▸ THE PROBLEM
Reproduce every record below exactly, with the pictures left out.

Records from a collection

***

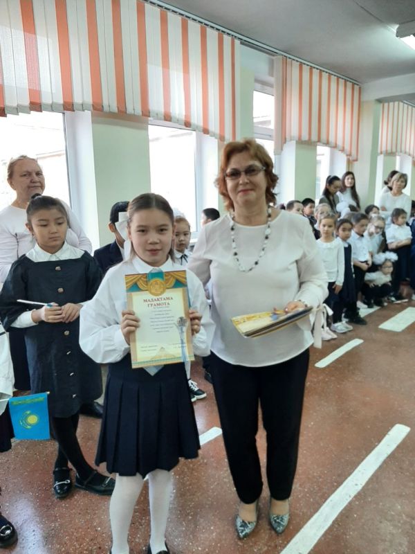 Победители городского творческого конкурса, посвященного Дню Республики Казахстан "Казахстан глазами детей": Перзадаева Алсу 1"Д" класс и Бейбит Муслим 3"А" класс.
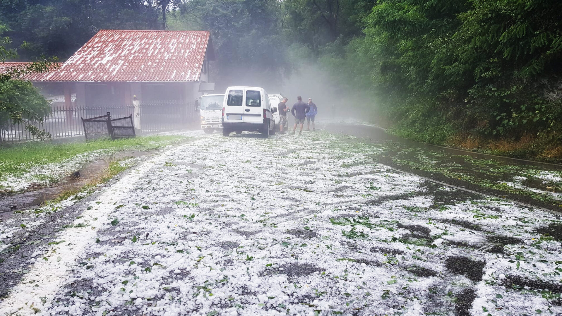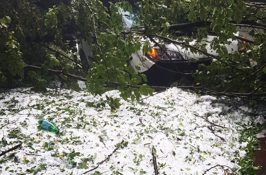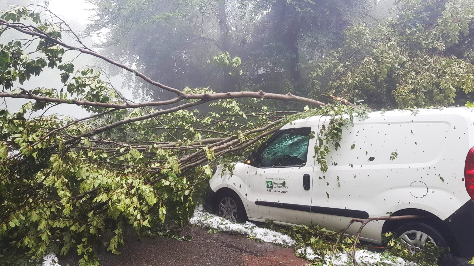 La giga grandinata attesa per oggi si è affacciata in provincia di Varese (per ora). Ecco le foto di un lettore da Grantola dove si mostra tutta la potenza del rovescio: albero caduto su un furgone di Ats, strada imbiancata e chicchi grandi come biglie, quelle grosse:
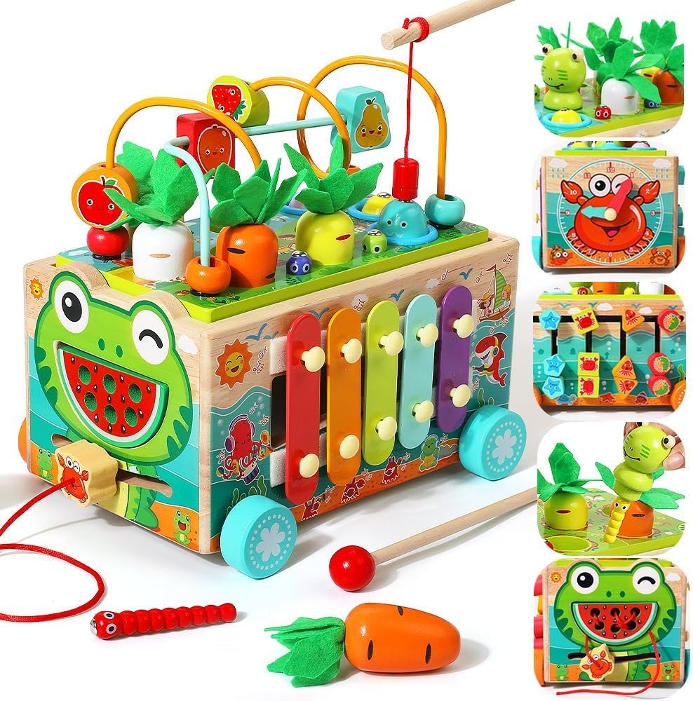 MONTESSORI 1 YEAR OLD TOY FOR TODDLERS: The package deal you obtain accommodates a multifunctional montessori exercise dice packed in a field. The components embody – 1 cute frog, 6 radishes, 4 caterpillars, 3 fish and three blue plastic ponds for fish, 1 fishing rod, 1 small hammer and a bit of watermelon.
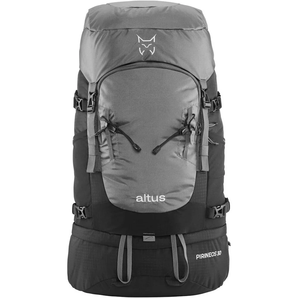 - Soporte para bastones o piolets y cintas de compresión lateral que permiten que la carga se mantenga siempre estable.
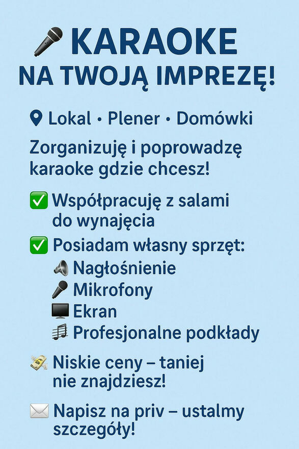 Poprowadzę Karaoke na twojej imprezie.Posiadam własny sprzęt:
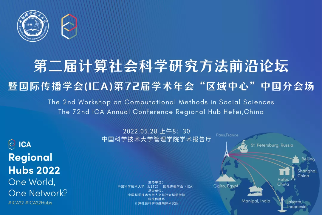 2022年5月28日-29日,由国际传播协会(ICA)、中国科学技术大学人文与社会科学学院主办,中国科学技术大学科技传播系、中国科学技术大学计算社会科学与融媒体研究所承办的“第二届计算社会科学研究方法前沿论坛暨国际传播协会(ICA)第72届学术年会‘区域中心’中国分会场”在安徽合肥中国科学技术大学召开。本次论坛以“计算社会科学视角下的中国”为主题,旨在增进学术交流与跨领域合作,彰显计算社会科学特色,以新颖视角看待与分析中国问题。来自清华大学、复旦大学、深圳大学、浙江大学、南京大学、中国科学技术大学、美国西北大学等国内外高校知名学者进行线上及线下专题报告,探讨计算社会科学领域的发展与未来。

***

▸ EXERCISE ANSWER
 Победители городского творческого конкурса, посвященного Дню Республики Казахстан "Казахстан глазами детей": Перзадаева Алсу 1"Д" класс и Бейбит Муслим 3"А" класс.
 La giga grandinata attesa per oggi si è affacciata in provincia di Varese (per ora). Ecco le foto di un lettore da Grantola dove si mostra tutta la potenza del rovescio: albero caduto su un furgone di Ats, strada imbiancata e chicchi grandi come biglie, quelle grosse:
 MONTESSORI 1 YEAR OLD TOY FOR TODDLERS: The package deal you obtain accommodates a multifunctional montessori exercise dice packed in a field. The components embody – 1 cute frog, 6 radishes, 4 caterpillars, 3 fish and three blue plastic ponds for fish, 1 fishing rod, 1 small hammer and a bit of watermelon.
 - Soporte para bastones o piolets y cintas de compresión lateral que permiten que la carga se mantenga siempre estable.
 Poprowadzę Karaoke na twojej imprezie.Posiadam własny sprzęt:
 2022年5月28日-29日,由国际传播协会(ICA)、中国科学技术大学人文与社会科学学院主办,中国科学技术大学科技传播系、中国科学技术大学计算社会科学与融媒体研究所承办的“第二届计算社会科学研究方法前沿论坛暨国际传播协会(ICA)第72届学术年会‘区域中心’中国分会场”在安徽合肥中国科学技术大学召开。本次论坛以“计算社会科学视角下的中国”为主题,旨在增进学术交流与跨领域合作,彰显计算社会科学特色,以新颖视角看待与分析中国问题。来自清华大学、复旦大学、深圳大学、浙江大学、南京大学、中国科学技术大学、美国西北大学等国内外高校知名学者进行线上及线下专题报告,探讨计算社会科学领域的发展与未来。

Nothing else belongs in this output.